A writer at The Atlantic magazine, Smith makes the reader think how the past shapes the world we live in. A published poet, he reveals how what he learns affects him. “His words poured concrete into my heart,” he writes of one interview.
Here people of color celebrated weddings, birthdays, and funerals like White Americans. Here their children shot handmade marbles on Sundays when they did not have to work. The stories they handed down to their descendants are preserved in the Getting The Word oral history project at Monticello. “This is how the word gets passed,” said one man.
Smith asks if we have the will to reckon with our past, for “the story of slavery is the history of America. It is etched into every corner of this country and beyond.” Slavery “created the economic prosperity that enabled our country to exist.” He begins at our nation’s beginning with Thomas Jefferson. “You can’t understand the United States without understanding Jefferson,” says David Thorson, his tour guide at the president’s mountain top plantation, Monticello. The patriot who wrote the Declaration of Independence routinely leased, sold, and mortgaged his 607 slaves. Although Jefferson preferred selling his humans in family lots, he gifted his daughters with enslaved children. When the former president died in 1826, 100 of his humans were auctioned off in a human estate sale.

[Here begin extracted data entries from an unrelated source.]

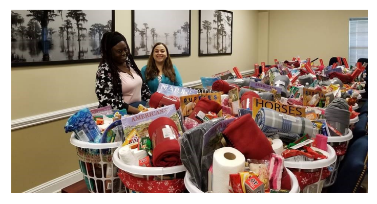
"Baskets of Love" pictured above were delivered to needy seniors throughout the region.
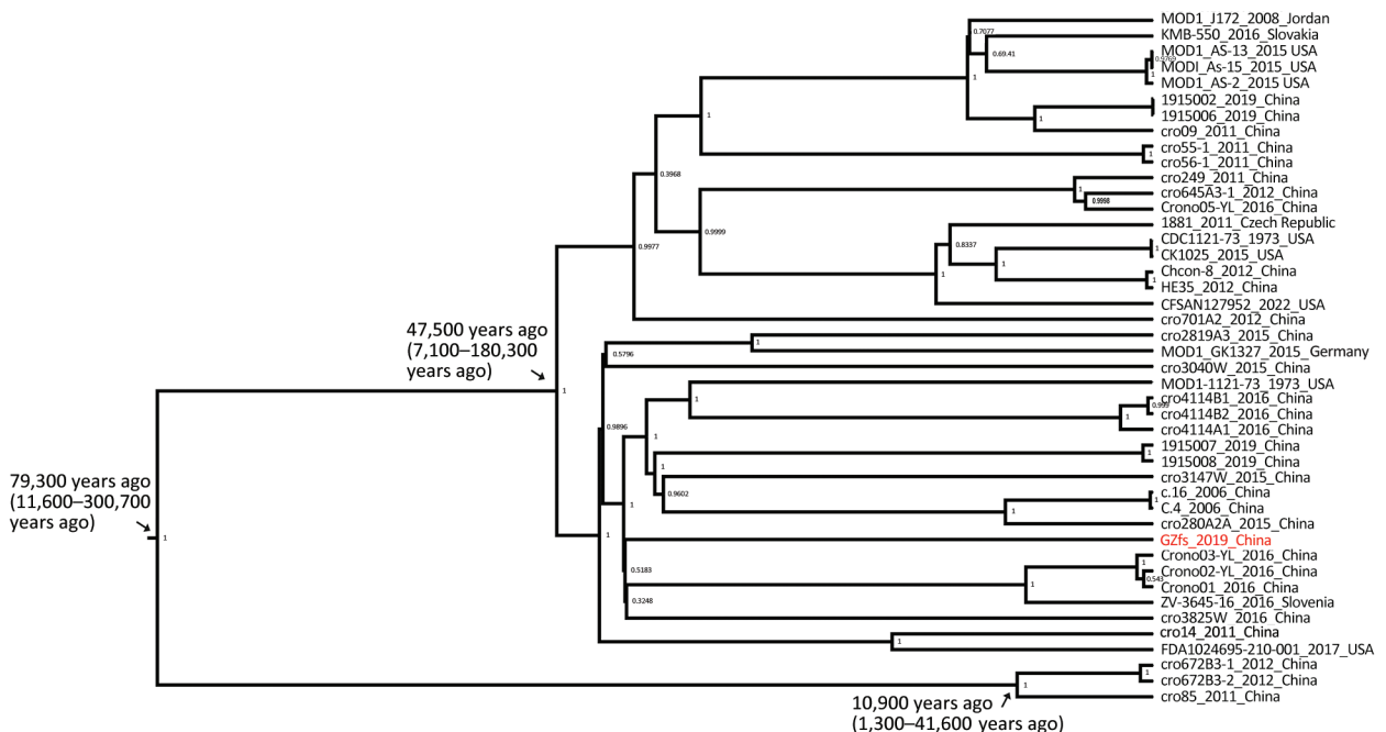
Figure 2. Timed phylogeny in maximum clade credibility tree of Cronobacter sakazakii ST64 strain from a fatal case of necrotizing enterocolitis in a 17-day-old male neonate, China, compared with reference strains. Red text indicates isolate from the neonate. Numbers along branches are bootstrap values. Posterior probabilities are shown in the nodes. ST, sequence type.

The virulence genes in C. sakazakii remain unclear (13), and 2 T6SS and 1 prophage on the chromosome of GZfs might contribute to pathogenicity. The capsular profile of the GZfs was determined to be K1:CA1, as in our previous study (1), and plasmid pFS1 was closely related to the IncFIB-type virulence plasmid pESA3 identified in pathogenic C. sakazakii strains and pGW2 in C. sakazakii GZcsf-1, which causes
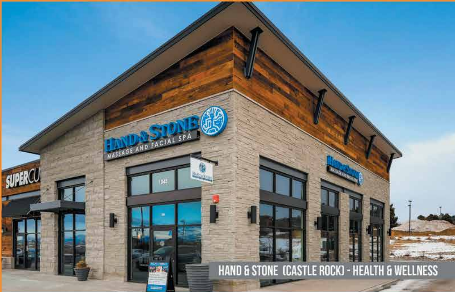
HAND & STONE (CASTLE ROCK) - HEALTH & WELLNESS
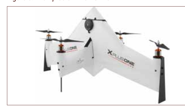
Figure 3: Examples of VTOL UAVs

VTOL, or hybrid drones, are a much more recent innovation and take advantage of the multirotor ability for vertical take-off and landing (Figure 3).
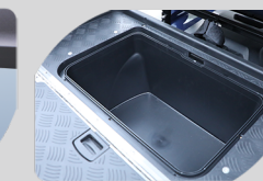
Rear Storage Compartment
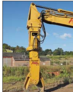
(50+) Excavator Attachments by Allied Gator and Others
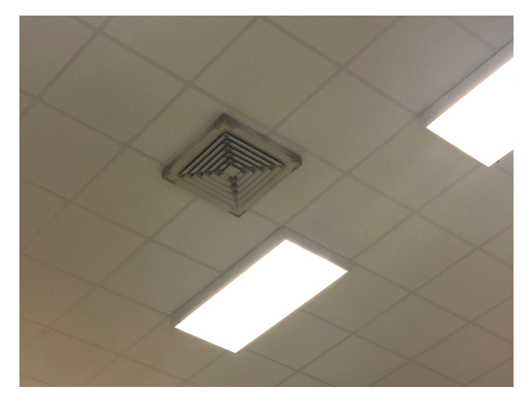
Figure 5 – High Ceiling Vents in Building 1
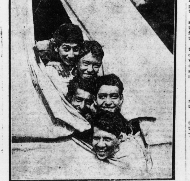
Members of the 1st Bombay Troop of Boy Scouts, who arrived in England for the big Jamboree, are shown enjoying a joke at their camp at Sidecup.

Canada produces 88 per cent. of the world's asbestos supply all from the mines of southern Quebec.

Slavery denied the humanity of those in bondage. Thorson restores it by calling them “enslaved humans” who enabled Jefferson to create what he did. He helps Smith imagine life outside the mansion in the cabins along Mulberry Row. Here people of color celebrated weddings, birthdays, and funerals like White Americans. Here their children shot handmade marbles on Sundays when they did not have to work. The stories they handed down to their descendants are preserved in the Getting The Word oral history project at Monticello. “This is how the word gets passed,” said one man.
One cannot understand Jefferson without considering his 40-year relationship with his slave Sally Hemings, half-sister to his late wife Martha. Jefferson first bedded Sally when she was 16 and he was 46. Men in the planter class frequently made concubines of their bondswomen. Martha’s father took Sally’s mother as his slave mistress after Martha’s mother died. There was no consensual sex because a slave was property, like a chair. “Kind of takes the shine off the guy,” says a woman tourist.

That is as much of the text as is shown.